§ PROBLEM TO SOLVE: Repeat exactly the lines of the records below, starting at the line containing "Panorama of Meersburg, Germany." and ending at the line containing "If you have". Leave the pictures out.

§ DATA RECORDS:
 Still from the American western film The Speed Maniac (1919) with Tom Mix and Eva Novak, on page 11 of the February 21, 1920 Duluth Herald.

--

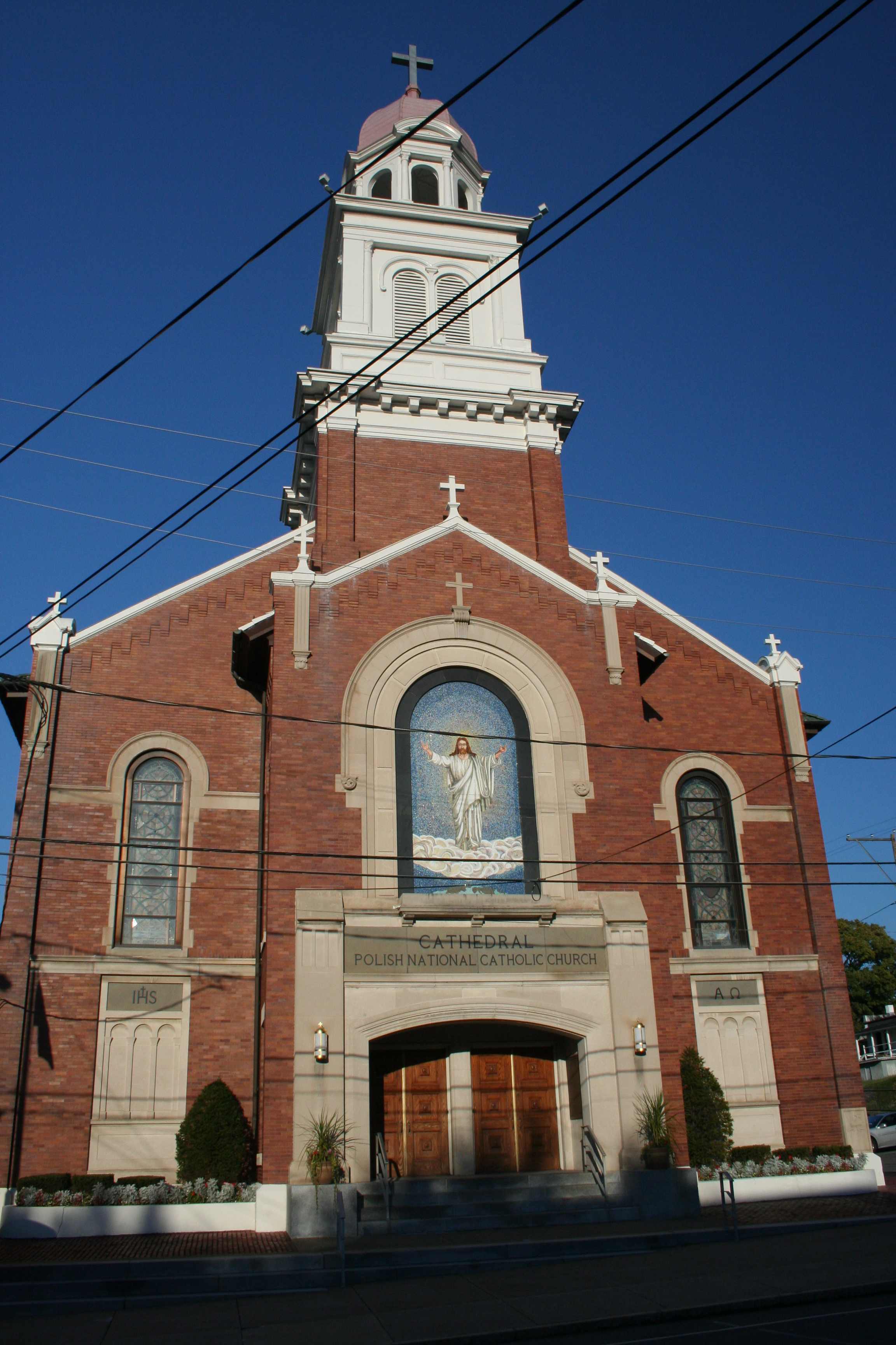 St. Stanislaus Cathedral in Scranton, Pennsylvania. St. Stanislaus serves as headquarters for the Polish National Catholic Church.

---

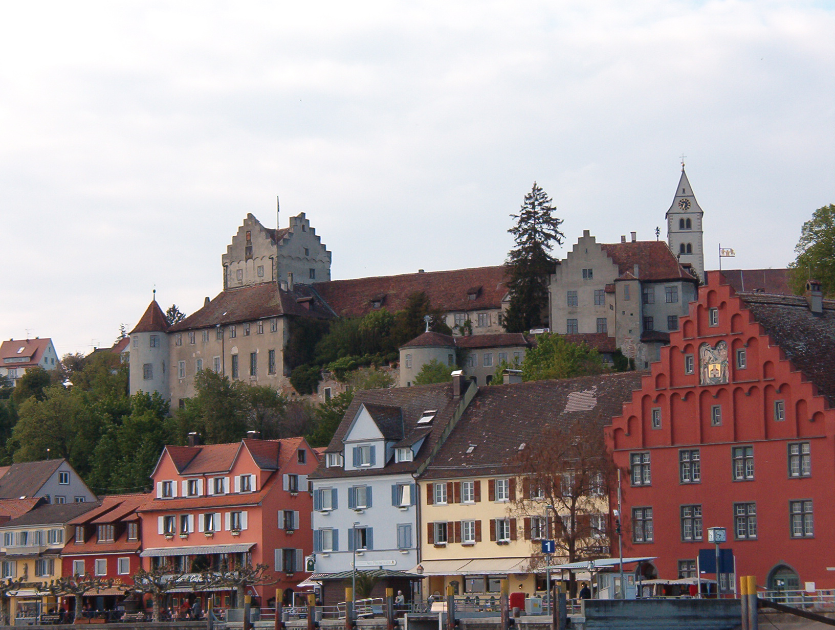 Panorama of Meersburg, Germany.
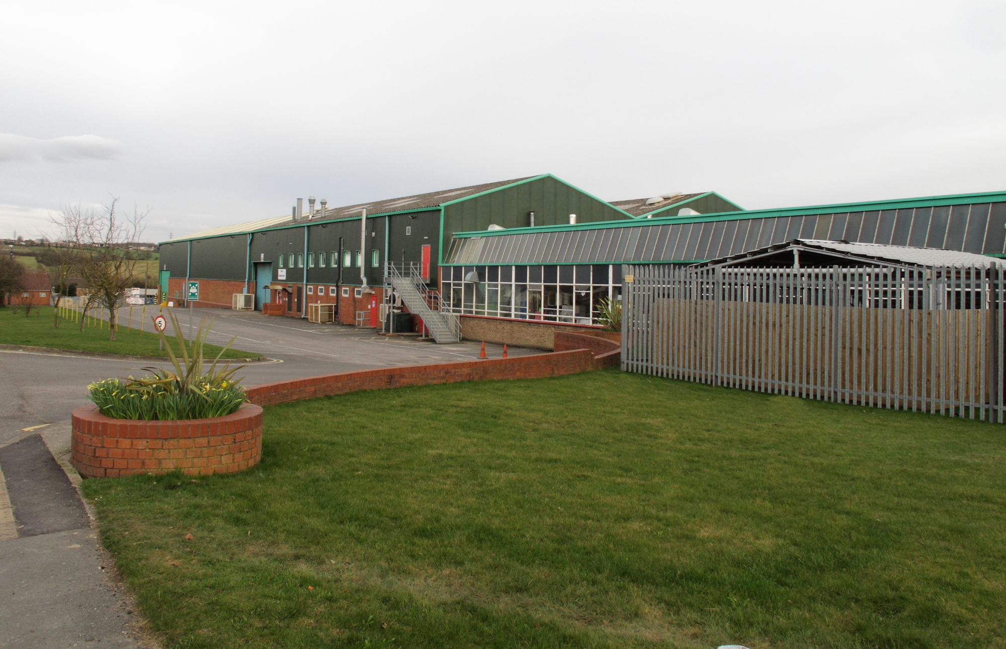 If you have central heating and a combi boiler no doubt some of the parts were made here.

§ WRITTEN ANSWER:
 Panorama of Meersburg, Germany.
 If you have central heating and a combi boiler no doubt some of the parts were made here.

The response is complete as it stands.